Он ненавидит блестящие шкафы и кондиционеры: те морозят так, что комфортно лишь мертвецам. Ненавидит, когда после больших пожаров или авиакатастроф коридоры заполняются носилками, а на парковках выстраиваются кареты «скорой помощи». После морга его всегда тянет в церковь; ходишь тут, словно в стальном гробу. И везде мерещится тиканье часов. Хочется немедленно взять выходной и заняться любовью с Камиллой — чтобы почувствовать себя живым.
Некоторые копы привыкают: шутят о трупах, курят сигары, чтобы избавиться от запаха… Воорту кажется, что они утратили что-то важное.
Когда Конраду было восемь, отец привел его в старый морг.
— Почему тут пахнет, как в больнице, если лечить уже некого? — спросил мальчик.
— Если станешь копом, то будешь приходить сюда часто. Приходить, чтобы другие люди не попадали сюда раньше срока.
А потом отец повел его в «Лаки Тимс пицца» и заказал пиццу с двойной порцией сыра, сосисок и пепперони, а еще маслины, сладкий зеленый перец и жареный лук. Все любимые добавки сына. Как будто хотел извиниться за то, что показал такую мерзость, и отпраздновать возможность есть, пить, дышать.
— Что это за факс, Воорт? — спрашивает Тина.
— Список пропавших без вести.
Она покачивает стройной ножкой, иногда из-под небесно-голубого медицинского халата виден чулок.
— Я передвинула твоего утопленника в начало очереди. Хотя никто из ждавших раньше не протестовал. Хочешь понаблюдать?
— Нет.
Впрочем, Воорт все равно следует за ней. Она идет плавно, словно под музыку — музыку тела, которая слышна ей одной. Ставит высокие каблуки ровно один за другим. Ни один мужчина не смог бы идти так, даже если бы попытался.
Пока Тина выбирает инструменты для вскрытия, Воорт просматривает имена пропавших. В начале списка числятся некие Бет Ааронс (белая), Харви Кларк (белый) и Клеон Фрэнсис (черный). Дальше идут Марсель Пол и Кларисса Санчес, потом Эрика Макс и Питер Дегранж (42 года, особая примета — шрам на носу, проживает в Катона, штат Нью-Йорк).
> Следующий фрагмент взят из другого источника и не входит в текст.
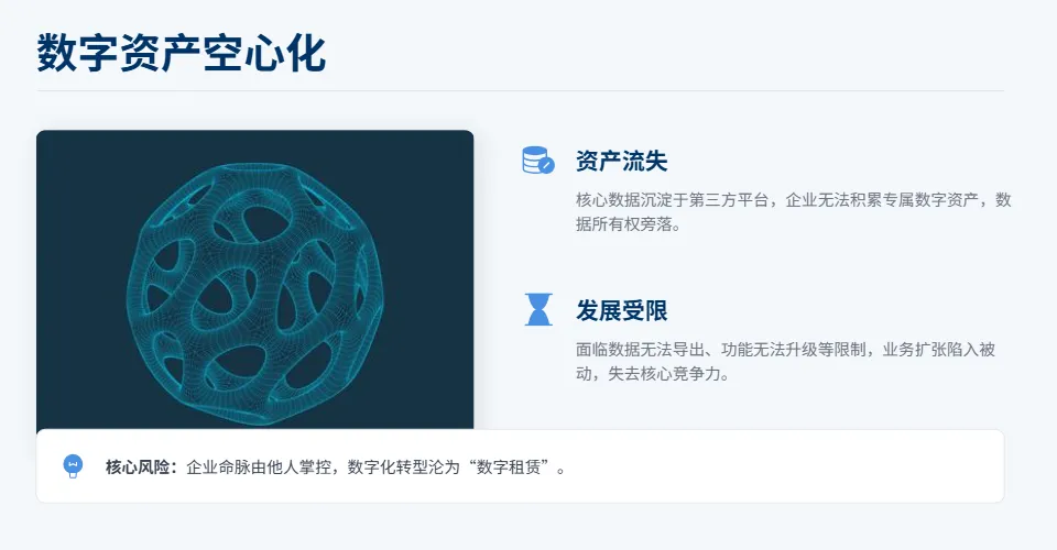 ► 怕没家底:长期用SaaS,客户、交易、运营方法这些核心资源都存在别人平台上,自己啥都留不下。

В данный момент все эти имена — просто комбинации букв. У них нет лиц, страстей, антипатий. Но Воорт знает, что за каждым именем — тревожный звонок в управление. Каждое имя значит, что чья-то дочь, супруг, любовница или друг сидит у телефона или смотрит в окно, со страхом ожидая приезда полицейской машины, появления детектива, который приведет их в это ужасное место.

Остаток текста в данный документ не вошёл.